A significant part of planning for an event such as that as security.  If you're someone like Bill Gates getting married, you need to consider that  you and your guests are sitting ducks for a terrorist attack.  Add that factor to your wedding planning, and your options for a wedding locale start to get a lot narrower.  

I'll bet that during the Royal Wedding, for example, the RAF had standing orders to shoot down any airplane that ventured into the restricted airspace and did not immediately obey any command to turn around.

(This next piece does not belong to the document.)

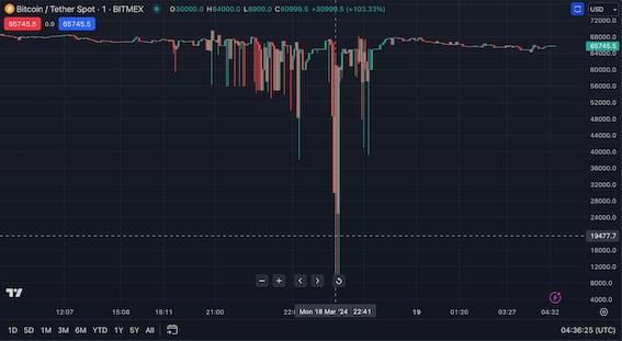 Large sell orders worth $55.49 million drove bitcoin’s price down to $8,900 on BitMEX. The overnight crash was short-lived. The price crash on BitMEX occurred on the XBT/USD spot market late Monday. BitMEX said on X that it is investigating the large sell orders that caused the flash crash. Yes, you read the title right. Late Monday, bitcoin (BTC) suffered a brief crash to as low as $8,900 on cryptocurrency exchange BitMEX, while prices on other exchanges held well above $60,000. The slide began at 22:40 UTC, and within two minutes, prices fell to $8,900, the lowest since early 2020, according to data from the charting platform TradingView. The recovery was equally quick, with prices rebounding to $67,000 by 22:50 UTC. Throughout the boom-bust episode on the BitMEX's spot market, BTC’s global average price was around $67,400. Some observers on social media platform X allege that whale selling catalyzed the price crash. According to @syq, someone sold over 850 BTC ($55.49 million) on BitMEX, driving the XBT/USDT spot pair down to $8,900. The BitMEX XBT index tracks bitcoin’s price, while the XBT/USDT pair represents bitcoin’s tether-denominated price. Tether is the world’s leading dollar-pegged stablecoin. While the spot market crashed, BitMEX's billion-dollar derivatives markets held steady. Following the crash, BitMEX said on social media that it is looking into the large sell orders. “We launched an investigation as soon as we saw unusual activity on our BTC-USDT Spot Market. All of our systems were operating as normal, but we identified aggressive selling behavior involving a very small number of accounts widely beyond expected market ranges. We can’t comment on any specific behavior of a user or actions taken, and we continue to investigate,” BitMEX said in a statement. “The trading platform is operating as normal, and all funds are safe,” BitMEX added. https://www.coindesk.com/markets/2024/03/19/bitcoin-flash-crashed-to-89k-on-bitmex/

Since Bill Gates isn't royalty, he probably can't get the same level of security.  



Numismatist said:


> It says he bought 98%...I wonder who owns the other 2%...probably someone wiht a real loud barking dog:rofl: :hysterical:


I believe the rest is owned by the State of Hawaii.


----------



## hypnotiq (Jun 21, 2012)

There is nothing "crude" about the word ballin'. :hysterical:


----------



## Beefnot (Jun 21, 2012)

hypnotiq said:


> There is nothing "crude" about the word ballin'. :hysterical:



EXACTLY. But for the non-hip and, ahem, mature folk among us, I suppose it is an unfamiliar term that evokes some sort of repulsion.


----------



## DeniseM (Jun 21, 2012)

<---NOT hip!

In my day, it meant something completely different!


----------



## ampaholic (Jun 21, 2012)

Beefnot said:


> EXACTLY. But for the non-hip and, ahem, mature folk among us, I suppose it is an unfamiliar term that evokes some sort of repulsion.



During the "Summer of Love" (1967) when the world changed it did mean something very different than being good at basketball. :rofl:


----------